A decade after the initial development of the NGI, Mark Copley of Copley Scientific considers its origins and its subsequent impact on the pharmaceutical industry

Cascade impaction data are used to validate the performance of every pharmaceutical inhaled product. Cascade impactor use within the pharmaceutical industry has therefore increased substantially in recent years as the sector has moved to exploit the pulmonary route for drug delivery. Towards the end of the last decade, a consortium of pharmaceutical companies was formed in order to develop an impactor specifically tailored to inhaler particle size characterisation. The result of this collaborative investment was the next generation pharmaceutical impactor (NGI).

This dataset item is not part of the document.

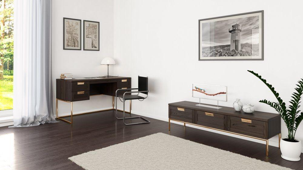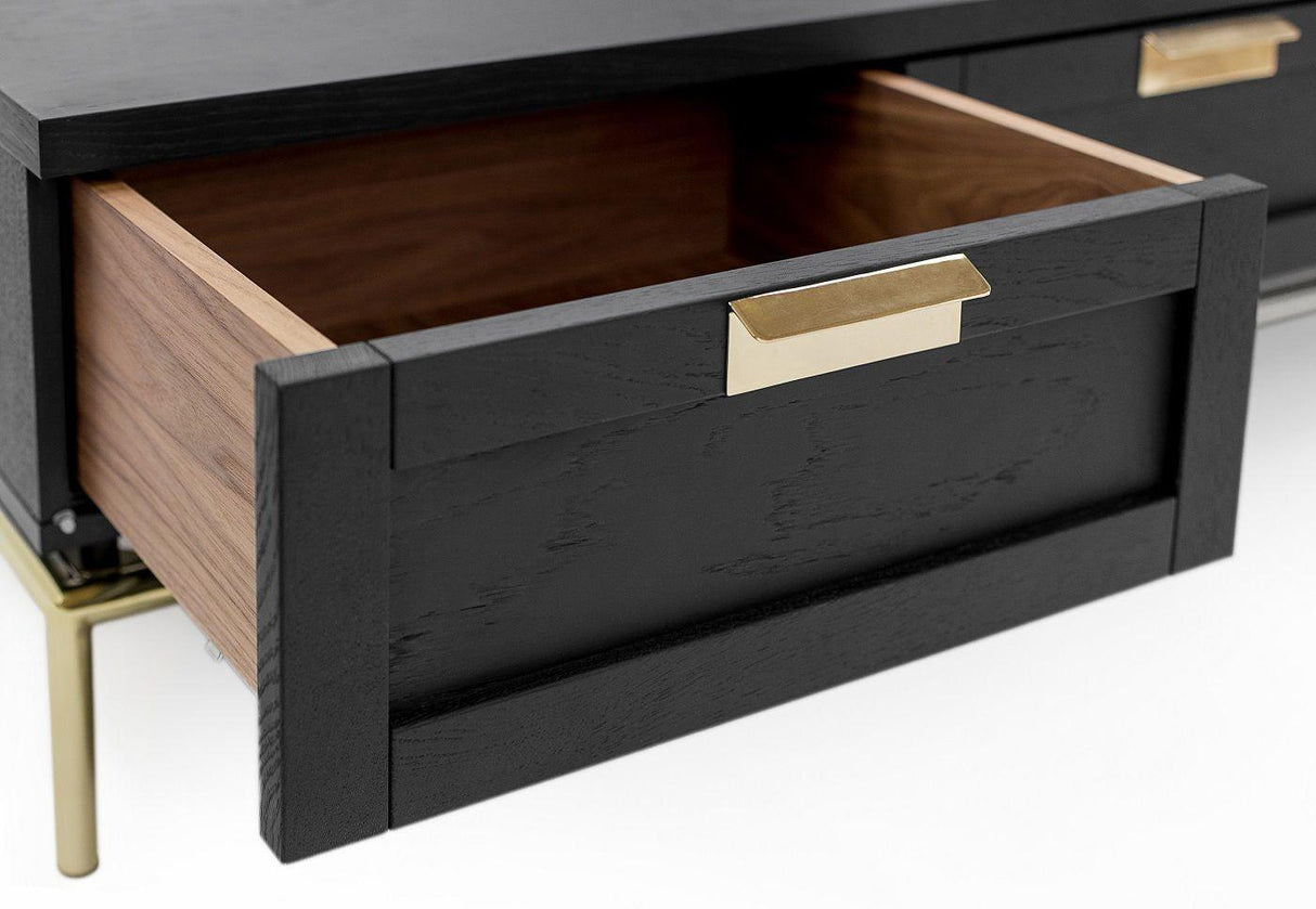 Pimlico Lav Skænk er en stilfuld og funktionel opbevaringsløsning til dit hjem. Den er lavet af finér og har skuffefronter i massiv eg, der tilføjer et naturligt og varmt udtryk. Med sin messingbelagte metalgreb og ben samt et kabinet i finér, har denne skænk en elegant og moderne æstetik. Den har en frihøjde på 15 cm, hvilket giver et let og luftigt udseende. Med målene 100x44x40 cm passer den perfekt ind i ethvert rum.

Ten years after work began on the NGI, this article examines the criteria used in its development, the key design features of the instrument, and its calibration and performance. Alongside this, the important characteristics of the Andersen cascade impactor (ACI) – the other primary impactor specified in the US and European Pharmacopoeias for inhalation product testing – are also reviewed. Factors influencing the commercial use of both the ACI and NGI are considered.

DEFINING THE PROBLEM – THE STARTING POINT FOR THE NGI

Cascade impaction is uniquely valuable for inhaled product characterisation because it provides size distribution data specifically for the active pharmaceutical ingredient, rather than for the overall formulation. In addition, it is a technique based on the measurement of aerodynamic particle size diameter, a parameter that is intuitively relevant for inhalation product measurement. A limitation of cascade impaction is its time-consuming and manually-intensive nature.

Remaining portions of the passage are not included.